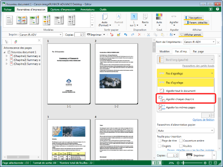(Agrafer) dans le ruban et sélectionner ensuite [Agrafer chaque chapitre].
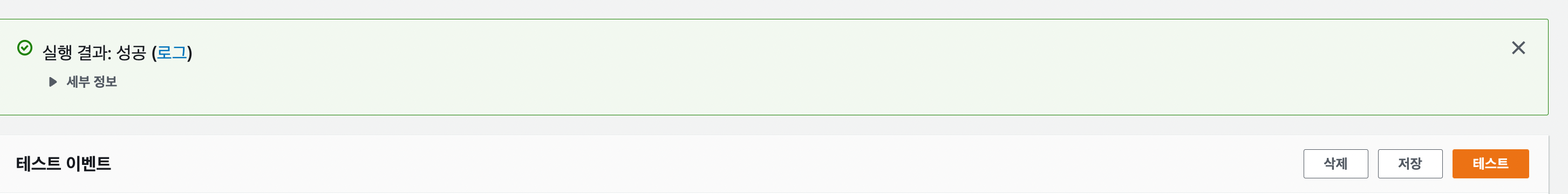 세부 정보에서 결과를 볼 수 있고 CloudWatch에서 /aws/lambda/ 이동해서 해당하는 로그를 볼 수 있습니다.
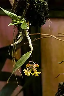 Dendrobium guerreroi, or Guerrero's dendrobium, is a member of the family Orchidaceae endemic to the Philippines.[2] It was named in honor of Mr. Guerrero, a Filipino orchid collector in the 1900s.[3] This species is a small to medium to large sized, warm growing epiphyte with thin descendant, clumping pseudobulbs that rarely branch and carry many, unsubdivided, pointed fleshy leaves. Flowers are 3 centimeters and are yellow with light orange labia.
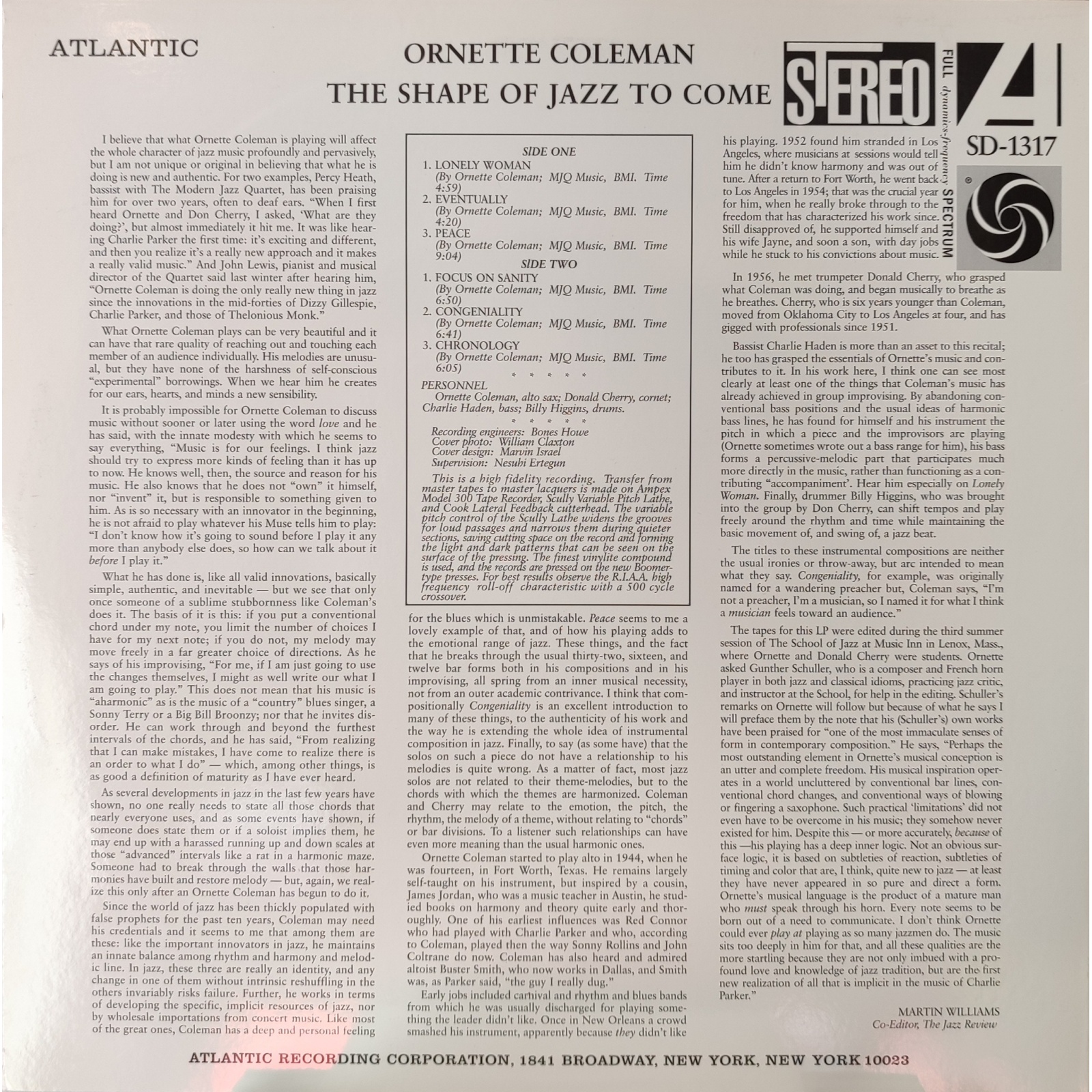 Il metodo compositivo di Coleman non si basava sulla tradizionale teoria armonica ma si sviluppa invece per linee melodiche destrutturate e spesso indipendenti tra loro. Ogni selezione contiene brevi accenni di melodia, in linea con più canonici brani jazz, seguiti da svariati minuti di pura improvvisazione senza schemi, a cui fa seguito la ripetizione del tema principale; mantenendo la struttura del bebop, ma abbandonando l'uso degli accordi.
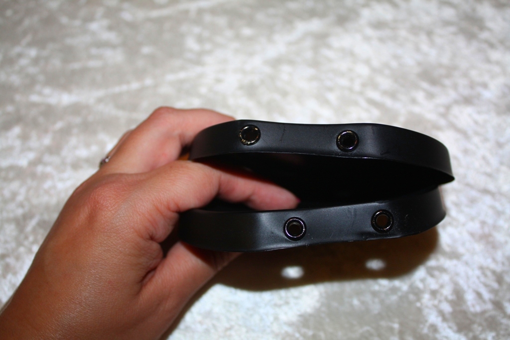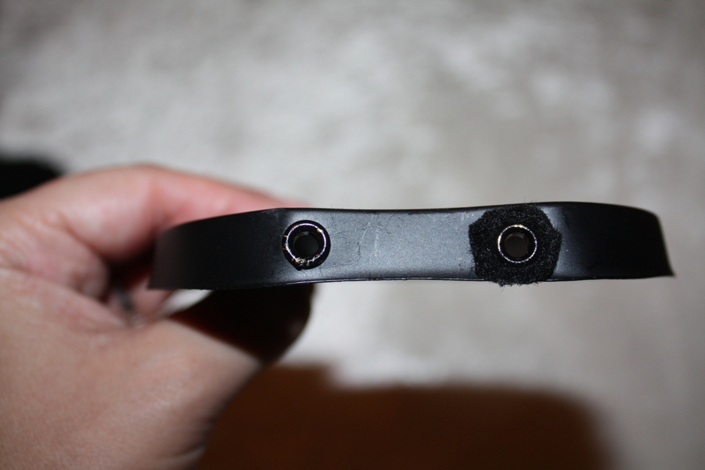 Step 2: Use a pair of pliers to pull the excess fabric out from under the grommets. You will have to tug at it with some force.
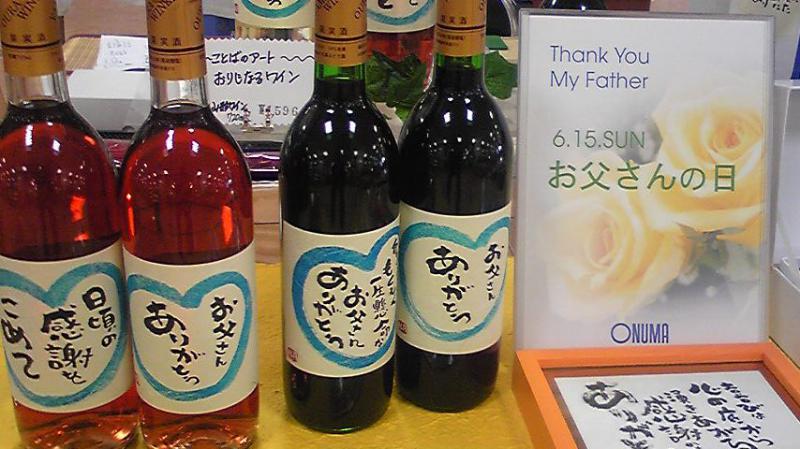 明日は父の日。“ことばのアート”安部春彦氏と大沼デパート米沢店にて、父の日用のオリジナルメッセージ入りのワインを販売してます。今日と明日2日間だけの催事です。
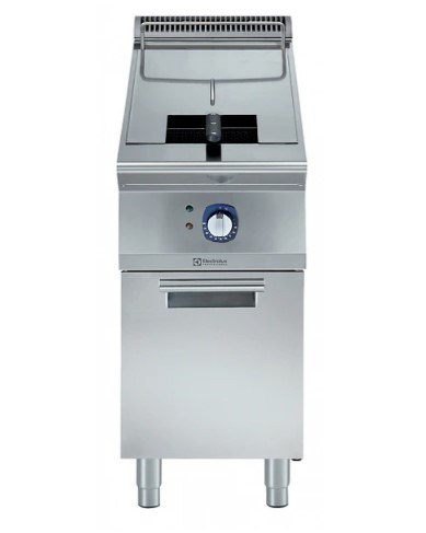 Фритюрница 900сер ELECTROLUX E9FRED1GF0 391087 оснащена 1 ванной на 15л, 1 корзиной, наружными нагревательными элементами. Фритюрница имеет штамповнную ванну V-образного профиля, где электронагревательные элементы расположены с наружной стороны ванны. Встроенная система слива позволяет собрать отработанное масло в приемным бак, расположенный в нижней части фритюрницы.

=== Work request ===
Repeat, with no pictures, every line from the top of the entries above through the line that has "세부 정보에서 결과를", keeping each one exact.

=== Solution below ===
(Agrafer) dans le ruban et sélectionner ensuite [Agrafer chaque chapitre].
 세부 정보에서 결과를 볼 수 있고 CloudWatch에서 /aws/lambda/ 이동해서 해당하는 로그를 볼 수 있습니다.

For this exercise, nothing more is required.